(LISTED RECORDS Opens)
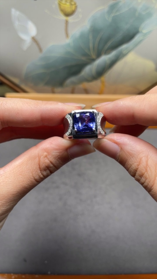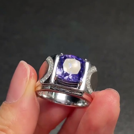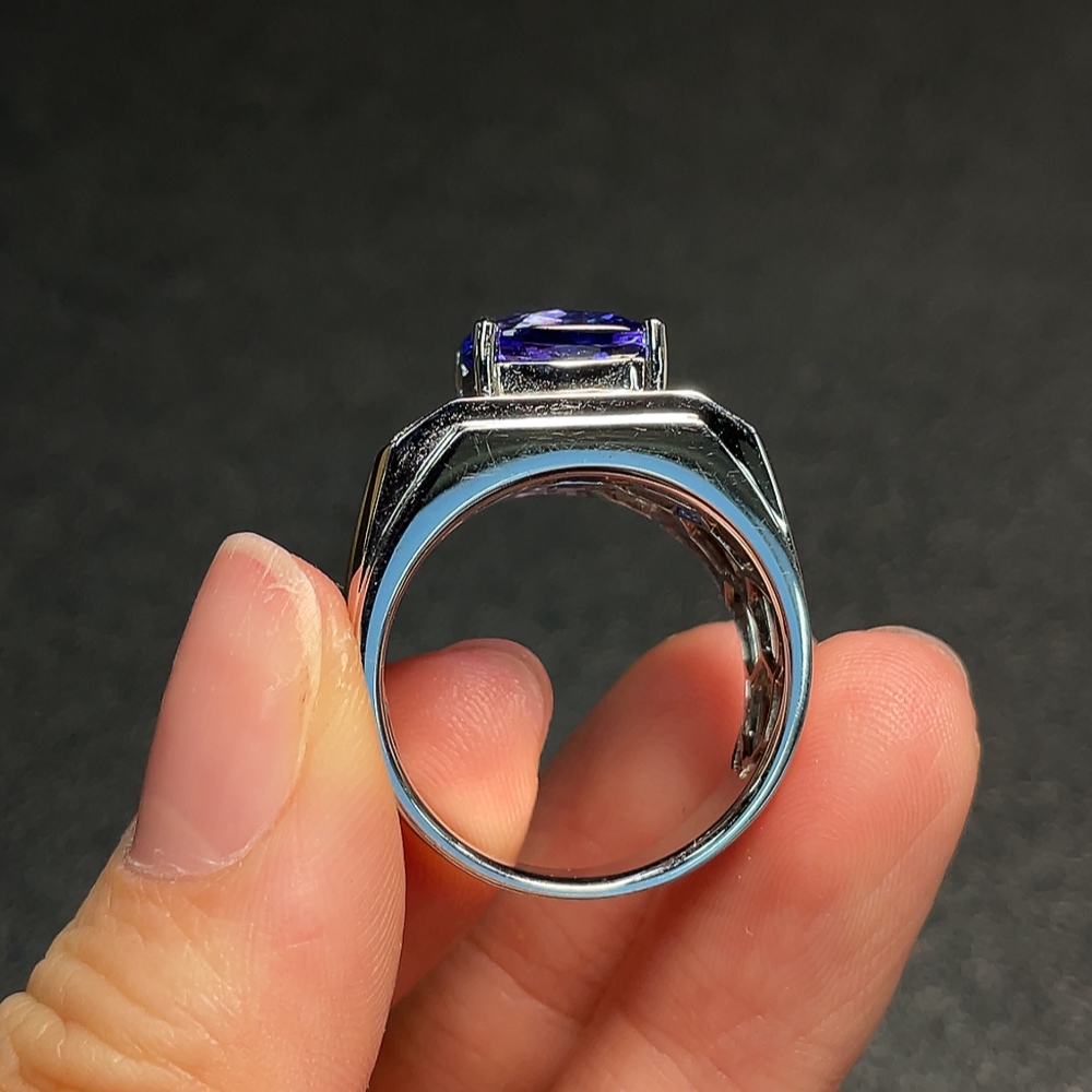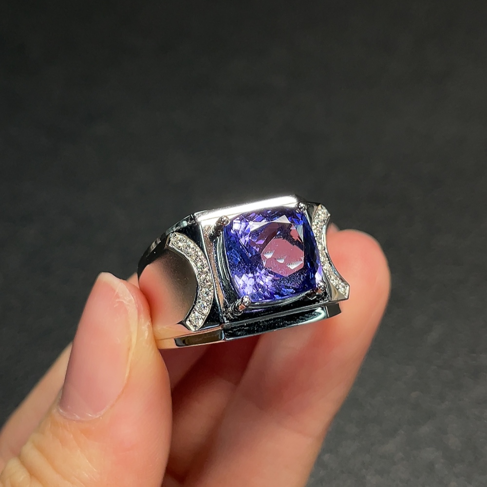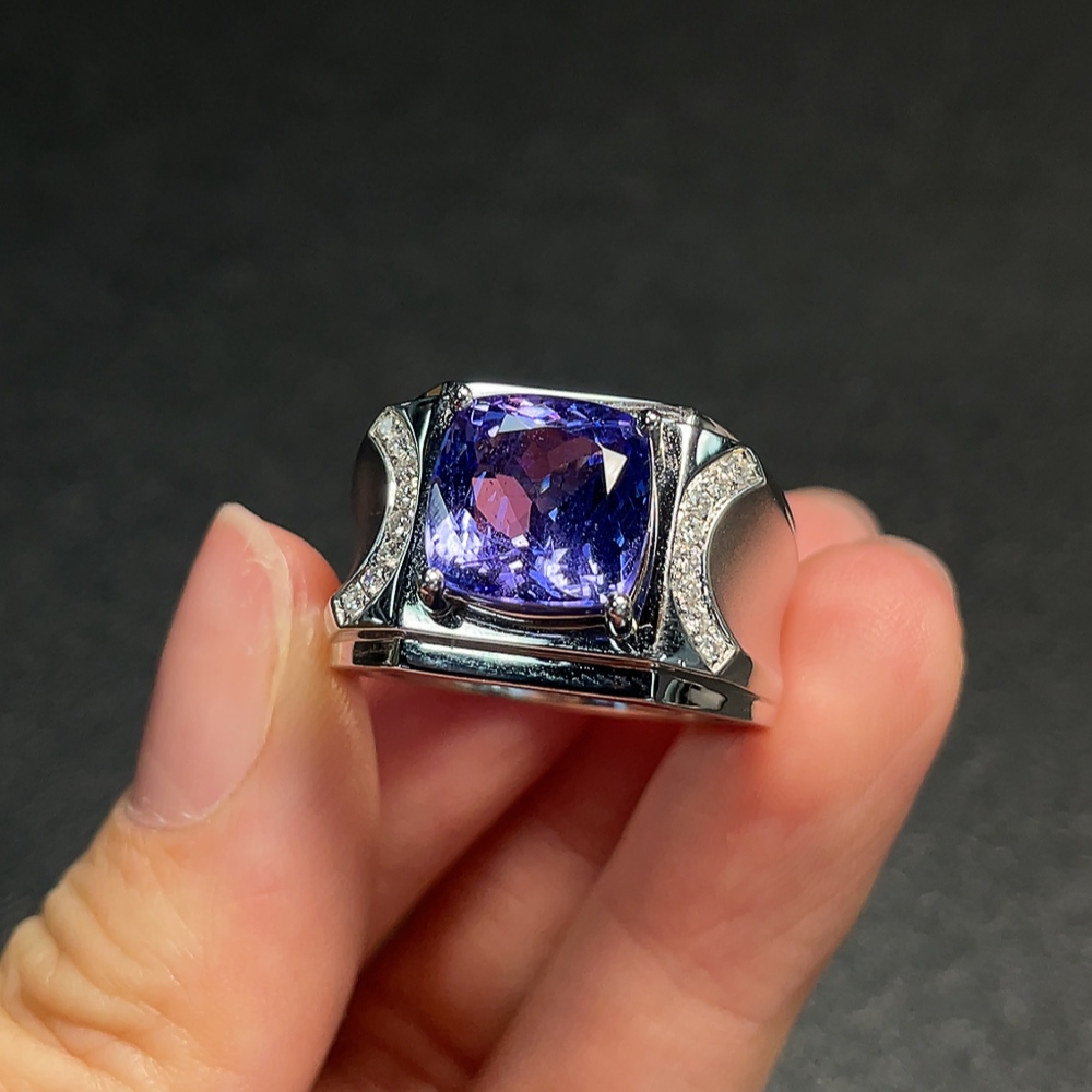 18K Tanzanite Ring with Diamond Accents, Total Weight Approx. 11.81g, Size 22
(LISTED RECORDS Closes)
(LISTED RECORDS Opens)
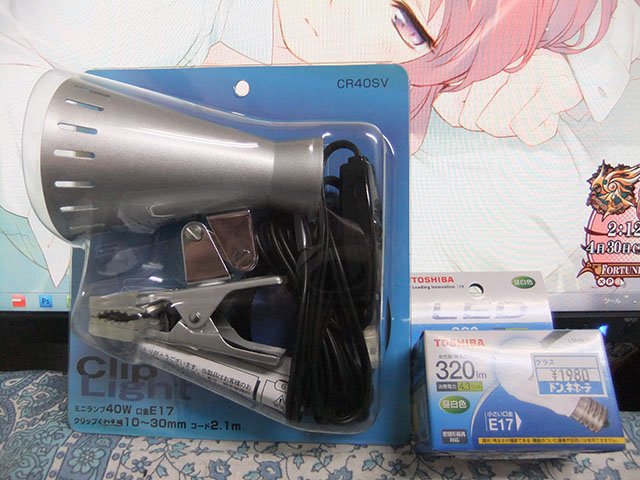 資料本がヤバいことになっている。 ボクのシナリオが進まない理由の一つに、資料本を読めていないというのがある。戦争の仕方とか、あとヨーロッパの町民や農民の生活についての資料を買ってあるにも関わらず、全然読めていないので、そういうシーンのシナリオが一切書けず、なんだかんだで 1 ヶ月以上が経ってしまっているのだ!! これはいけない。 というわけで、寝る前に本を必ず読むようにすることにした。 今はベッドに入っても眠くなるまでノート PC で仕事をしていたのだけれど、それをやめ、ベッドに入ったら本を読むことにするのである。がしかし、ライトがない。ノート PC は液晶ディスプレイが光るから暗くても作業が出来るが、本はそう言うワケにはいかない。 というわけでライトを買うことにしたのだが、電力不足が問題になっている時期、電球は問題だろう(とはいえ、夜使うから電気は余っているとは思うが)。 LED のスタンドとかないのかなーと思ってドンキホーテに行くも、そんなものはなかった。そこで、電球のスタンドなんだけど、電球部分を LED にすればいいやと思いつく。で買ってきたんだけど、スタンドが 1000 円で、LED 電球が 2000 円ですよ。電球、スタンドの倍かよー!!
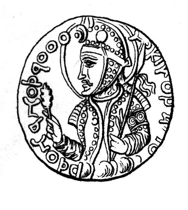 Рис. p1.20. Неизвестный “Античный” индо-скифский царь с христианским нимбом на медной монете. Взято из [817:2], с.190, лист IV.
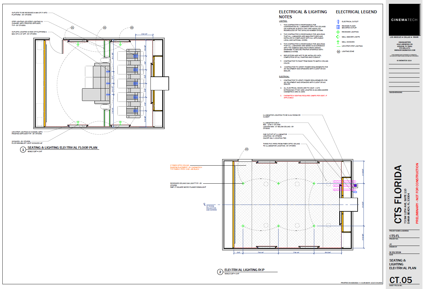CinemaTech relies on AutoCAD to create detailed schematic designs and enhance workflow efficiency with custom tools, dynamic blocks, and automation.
(LISTED RECORDS Closes)
-- WHAT THIS TASK INVOLVES --
An exact copy is needed of the stretch above that opens with the line containing "Рис. p1.20. Неизвестный" and closes with the line containing "CinemaTech relies on"; the pictures are not part of it.

-- OUTPUT OF THE EXERCISE --
 Рис. p1.20. Неизвестный “Античный” индо-скифский царь с христианским нимбом на медной монете. Взято из [817:2], с.190, лист IV.
CinemaTech relies on AutoCAD to create detailed schematic designs and enhance workflow efficiency with custom tools, dynamic blocks, and automation.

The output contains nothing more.